Now in its third season, “United Shades of America with W. Kamau Bell” is an eight-episode docuseries that follows sociopolitical comedian W. Kamau Bell as he explores communities across the country, using humor to start a conversation about race and how our differences unite and divide us.
Kamau said the episode about Gullah Geechee is the one he is most excited about this season. “I think it’s going to open a lot of eyes,” he said.
The episode opens with him in front of a Praise House on St. Helena Island. “Everybody these days is talking about how divided our country is — black vs. white, Starks vs. Lanesters. So in this episode of the United Shades of America, we’re going to talk to the Gullah Geechee people of South Carolina. People who learned a long time ago that when you come together, not only do you survive, but you thrive.”

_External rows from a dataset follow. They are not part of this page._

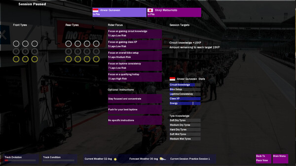 > Track Evolution - at the start of an event, the circuit will need time to 'rubber in' to allow riders to set their best times. Rain reduces circuit grip even after the track has dried so this needs to be monitored to ensure your riders are on track at the right time.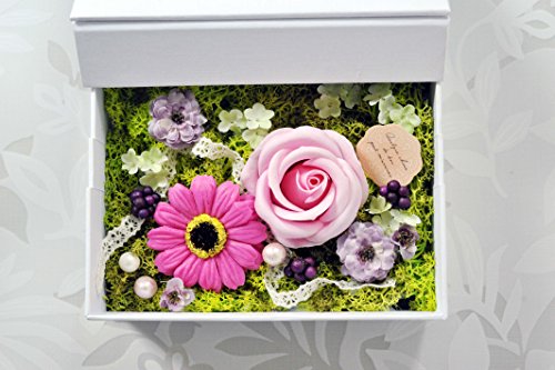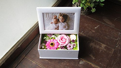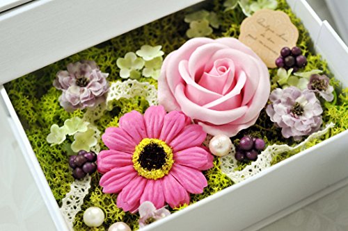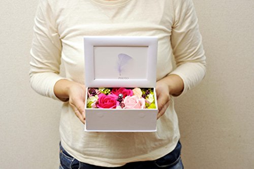 ソープフラワーのフォトボックス(ホワイト) 写真立て (ソープガーベラピンク)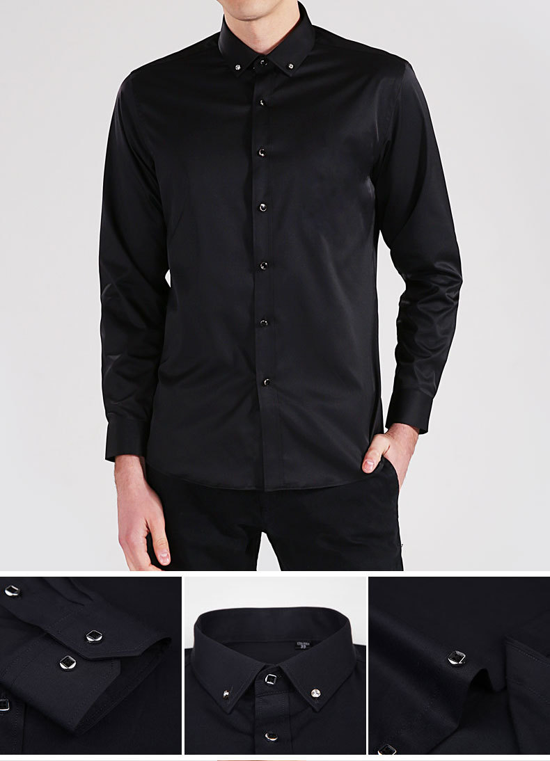 Men'S Long Sleeve Business Solid Color Cotton Breathable Shirt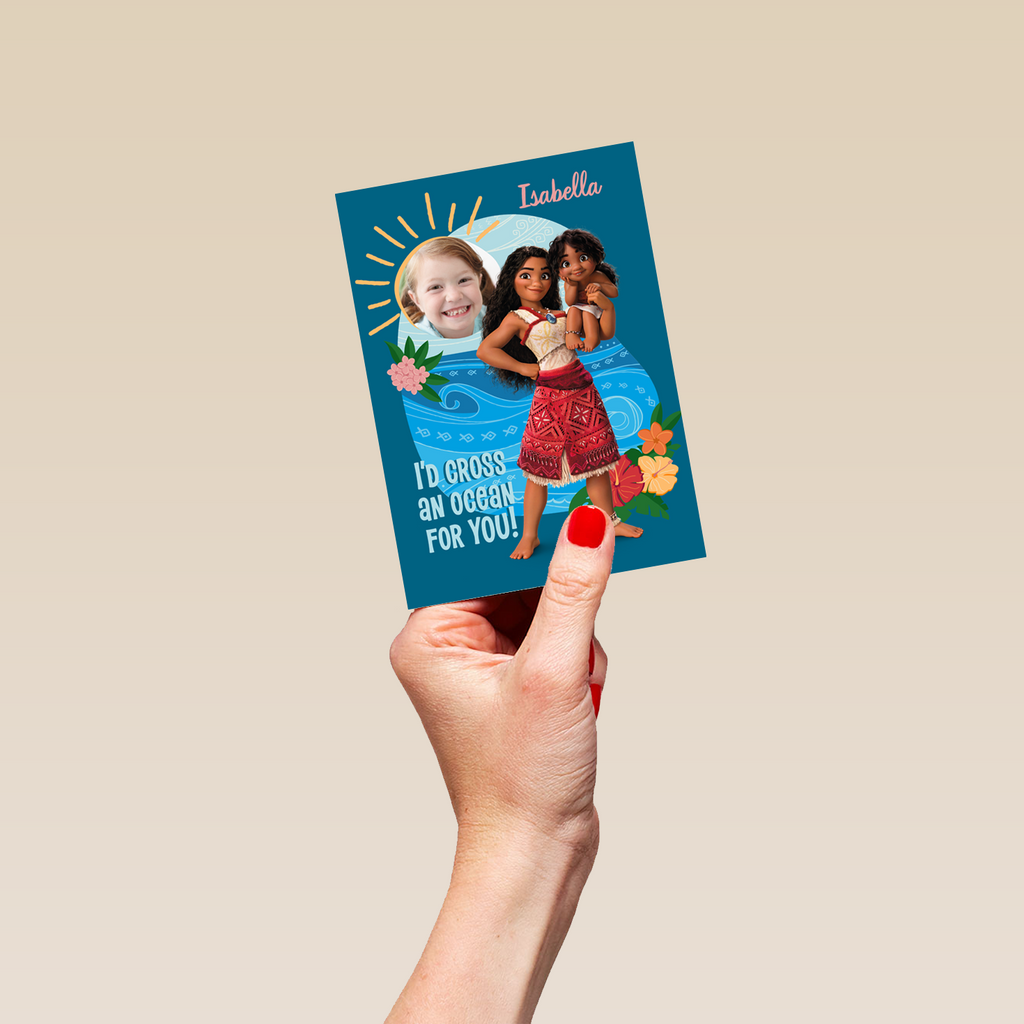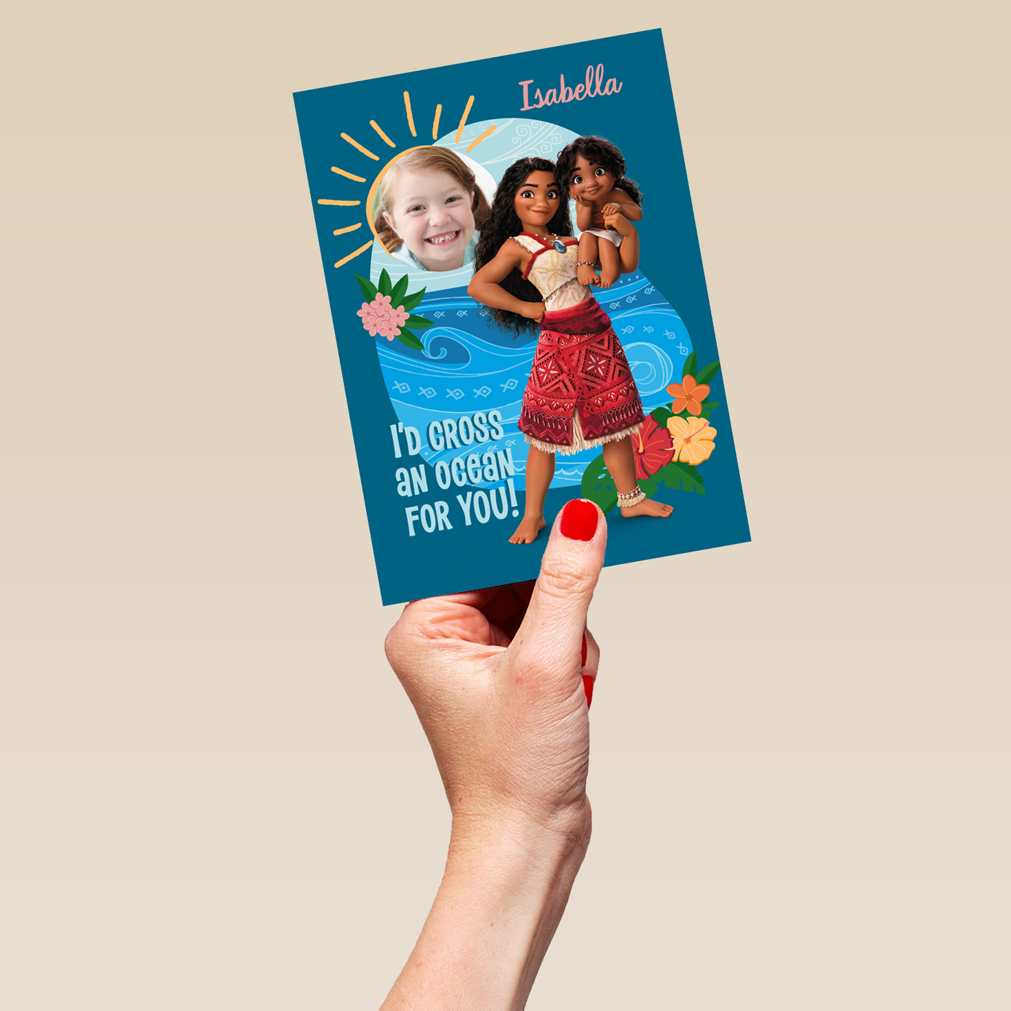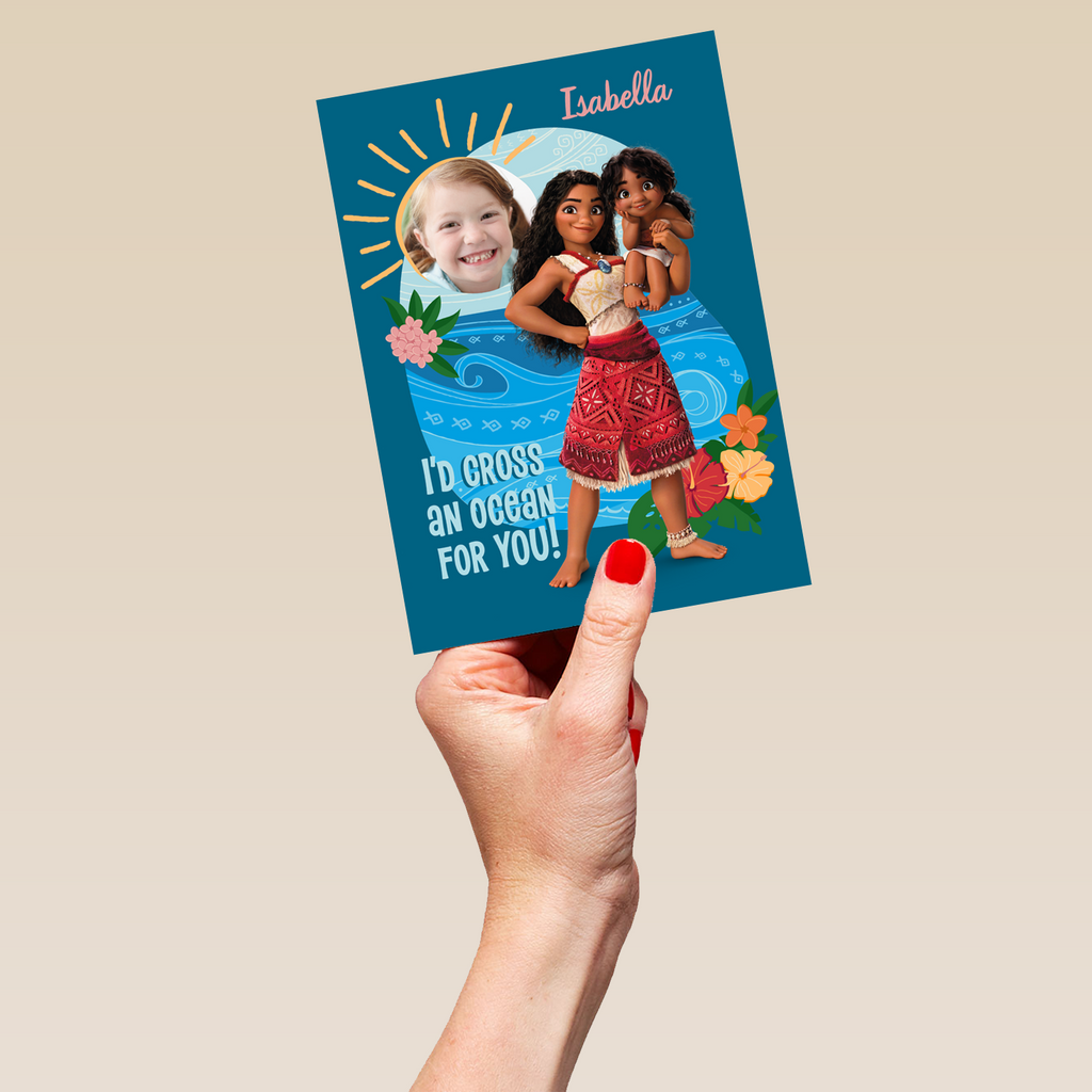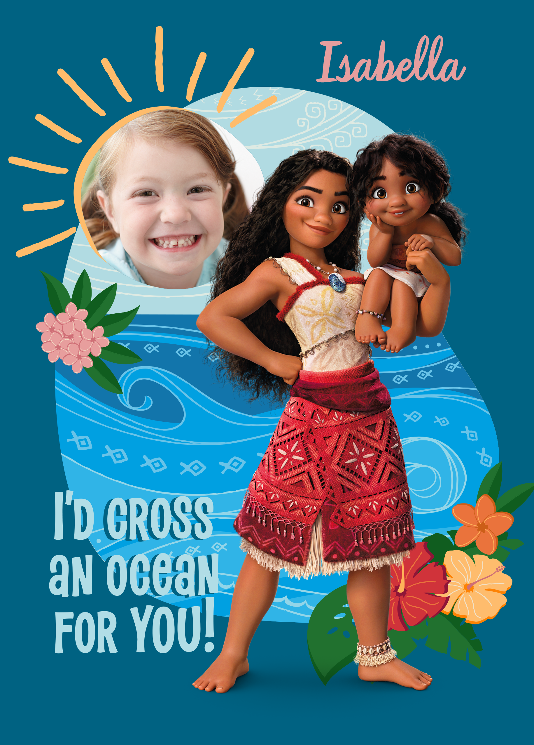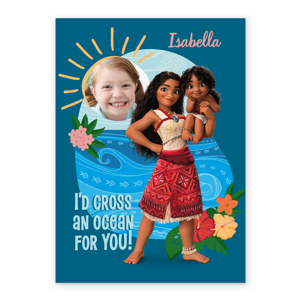 Printed on premium-quality board, this card features Moana and Simea, with the message 'I'd cross an ocean for you!', space to upload a photo and personalise a name, and comes complete with a co-ordinating white envelope.

He visits Penn Center and talks with familiar faces in the community such as Anita Praither-Singleton, “Aunt Pearlie Sue,” who sends her message to young people to still have hope. And also Victoria Smalls about her work helping to bring the Gullah language back. He listens to traditional ring shouters, who show how music preserves and educates about the past, and even the origins of the song “Kum by ya.”
He meets with Michael Moore, the great-great grandson of Robert Smalls, about the significance of Gasdsen’s Wharf, the future site of the International African American Museum in Charleston.
He goes to the 400-year-old Angel Oak on John’s Island with filmmaker Julie Dash, and has a traditional Gullah Crab Crack with her family.
During an interview with Gullah sweetgrass basket weavers Carlene Habersham and Corey Alston at Charleston’s City Market, a woman comes up and asks Kamau how much the baskets cost. He jokes around, but when he gets the price wrong, the lady tells him, “You suck.”
“That’s the difference between our show and others, we leave those moments in,” he said with a laugh, recalling the incident incredulously.
Kamau said one of the most interesting things he learned while filming the episode was “the fact that the community is black because white people left, Gullah Geechee were able to keep a lot of traditions alive, and that’s something that hasn’t happened for black people in other parts of the country.”
The theme of this season, and this episode in particular, is to dispel the myth that black people are a monolith and they are the same across the country. “But this is a part of black American culture that most people don’t know about, the Gullah Geechee are doing it their own way. Keeping the culture and heritage alive even in the face of development,” he said.
He reiterates this at the end of the show: “The Gullah people prove yet again that black people are not one thing.”
So tune into “United Shades of America with W. Kamau Bell” on CNN on Sunday, May 13, at 10 p.m. to see the local culture represented on the national level, and realize how fortunate we are to call this unique part of the country home.